A bankruptcy for Hanjin Shipping, the world's seventh-largest container carrier, would be the largest ever for a container shipper in terms of capacity, according to consultancy Alphaline, exceeding the 1986 collapse of United States Lines.

"Hanjin's plans are inadequate given the total amount of funds needed, and considering the proposed timing of Hanjin's infusion of funds, they lack conviction to normalize the company," Korea Development Bank Chairman Lee Dong-geol told a press conference.

Shares in the shipping line plunged, ending down 24 percent.

Hanjin Group, the country's 11th-largest conglomerate and parent of Korean Air Lines Co <003490.KS>, said it was disappointed in the banks' decision and would support the shipping industry even if Hanjin Shipping enters receivership.

Unlike South Korea's shipbuilding industry, which includes the world's three-largest manufacturers, shipping liners are not huge employers, giving them less political clout.

Creditors of troubled Daewoo Shipbuilding & Marine Engineering Co <042660.KS>, including KDB, last year pledged 4.2 trillion won ($3.77 billion) for the firm. Daewoo Shipbuilding is already controlled by KDB after an earlier bailout.

"It seems creditors are harsher on Hanjin than they were on Daewoo after loans that went to Daewoo ended up in a fiasco," said Lee Sang-jae, an economist at Eugene Investment & Securities Co.

Daewoo employs roughly 40,000 people in South Korea, while Hanjin had 1,428 South Korean employees at the end of June.

"KDB can no longer be seen as wasting taxpayer money after their previous bailout failed," Lee said, referring to Daewoo.

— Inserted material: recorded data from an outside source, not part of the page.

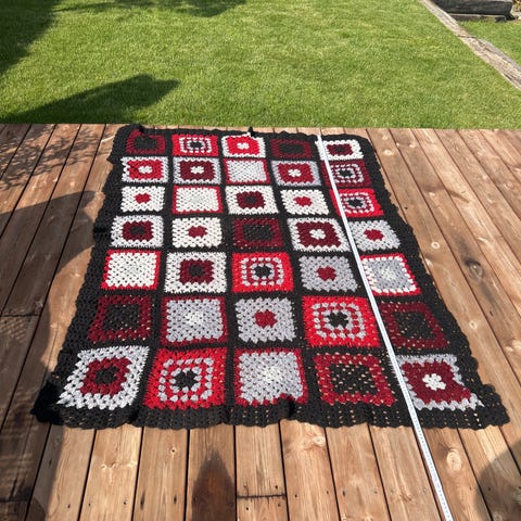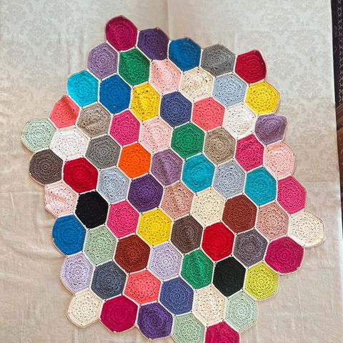 Håndlaget heklet teppe med et flerfarget design laget av ull. Teppe har et klassisk rutemønster med en sort bakgrunn som fremhever de fargerike detaljene. Passer godt som et dekorativt element eller for ekstra varme i hjemmet.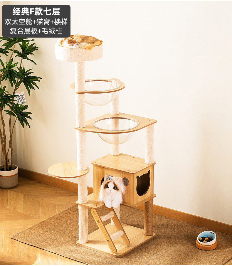 • [플러시 컬럼] 클래식 복합 보드 F형 - 7단(이중 우주 캡슐 + 대형 고양이 둥지 + 계단)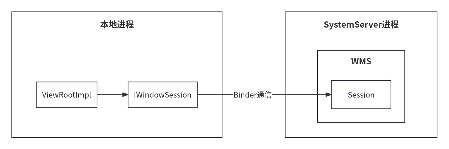 调用mWindowSession的addToDisplayAsUser()方法,mWindowSession是IWindowSession类型的,它是一个Binder对象,用于进行进程间通信,IWindowSession是Client端的代理,它的Server端的实现为Session,此前的代码逻辑都是运行在本地进程的,而Session的addToDisplayAsUser()方法则运行在WMS所在的进程(SystemServer进程)中。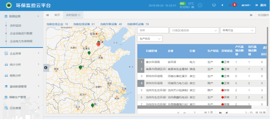 企業(yè)設(shè)施運行數(shù)據(jù):展示接入平臺的生產(chǎn)點位以及關(guān)聯(lián)的治理點位各個時間點的數(shù)據(jù)上報情況。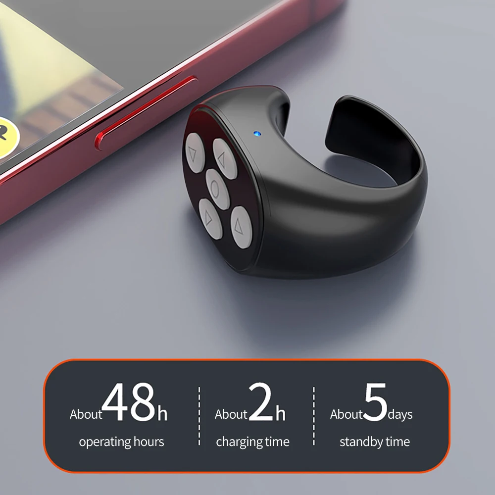 7.Bluetooth-compatible remote control: In the mobile phone photo or video mode, long press the up or down button on the ring within a distance of 10 meters.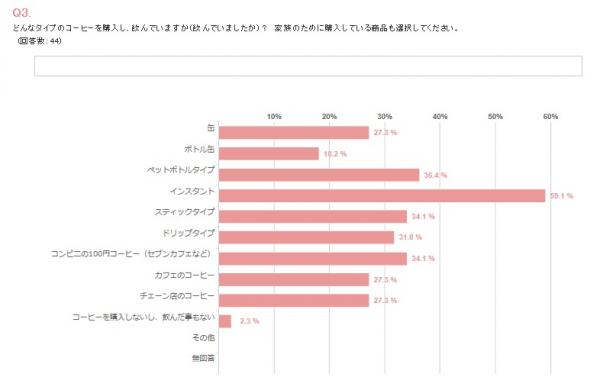 ご家族で淹れたてコーヒーを楽しめる「インスタントコーヒー」が59.1%と最も多く、また「スティックタイプ」や「ドリップタイプ」のコーヒーもママさん達に人気があるという事が分かりました。そして、外出時には「コンビニコーヒー」を購入し、飲まれている事も判明しました。

"Also, the number of jobs at stake isn't that big compared with Daewoo," he said.

INADEQUATE PLAN?

Globally, the shipping industry has slashed costs and tried to build scale to weather its downturn. In May, Germany's Hapag-Lloyd <HLAG.DE> formed an alliance with five Asian rivals including Hanjin, seeking to save on expenses by pooling runs to various destinations.

The Baltic Dry Index <.BADI>, which measures changes in sea transport cost, fell to an all-time low of 290 in early February from more than 1,000 in mid-2015. It rebounded to 720 by Friday.

Hanjin Shipping had debt of 5.6 trillion won at the end of 2015. Earlier this month, Hanjin Group submitted a plan to Hanjin Shipping's creditors pledging to raise up to 500 billion won for the troubled shipper.

But Hanjin Shipping was not expected to be able to pay up to roughly 1.3 trillion won in obligations such as charter fees and terminal use fees through next year, even if it succeeded in renegotiating loss-making charter contracts and rolling over bank debt, KDB had said.

South Korean officials on Tuesday ruled out a merger of Hanjin and rival Korean shipping line Hyundai Merchant Marine Co <011200.KS>, which is also under a debt restructuring program.

KDB officials, declining to be named, said they expected Hanjin to seek court receivership, which was likely to result in bankruptcy proceedings. The creditor-led debt restructuring period ends on Sept. 4.

In June, South Korea announced an 11 trillion won fund to support two state-run banks, KDB and the Export-Import Bank of Korea (KEXIM), that were heavily exposed to shipping and shipbuilding firms.

Lee said banks exposed to Hanjin Shipping had been preparing loan-loss provisions.

"The risk of the company destabilizing the financial market is quite low," he said.